The other common use case for the optical drive are DVDs and music CDs.
Streaming content is making those less necessary.

------
stcredzero
Whenever and wherever there is some pain, there is an opportunity. The
universal pain of the tech-savvy and the constant help they have to give to
relatives and friends is simply huge. Neither has OS X made this go away,
though much of it has been outsourced in the form of the Genius Bar. It's much
the same in the workplace, if not more so!
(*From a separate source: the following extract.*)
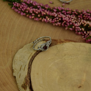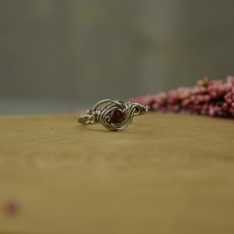 Subtelny pierścionek z granatem, wykonany w całości ręcznie techniką wire wrapping. Pierścionek wykonałam z drutów ze stali chirurgicznej. Rozmiar regulowany - można go samodzielnie wyregulować palcami -rozszerzając lub dociskając.

What the majority of the population
wants is _curated computing_. What IT departments try to provide as had as
they might is _curated computing_. It's also a fact that they're hindered by
the open architecture of today's typical computer. (Why do you think
enterprise IT tries so hard to lock everything down?)

There is still a huge amount of pain and therefore there's tremendous
opportunity.

My prediction is that under Lion, end-user computing is going to run locked-
down under a hypervisor, and only devs/power users will be running as we do
today.

------
mortenjorck
Spot-on criticism of the App Store.

The App Store is peerless as far as purchasing and installing go, but it's
nearly useless for discovery unless you're looking for something on the order
Angry Birds or Facebook. Calling the Mac version "the best place to find apps"
wouldn't ring so hollow if the same were remotely true on iOS.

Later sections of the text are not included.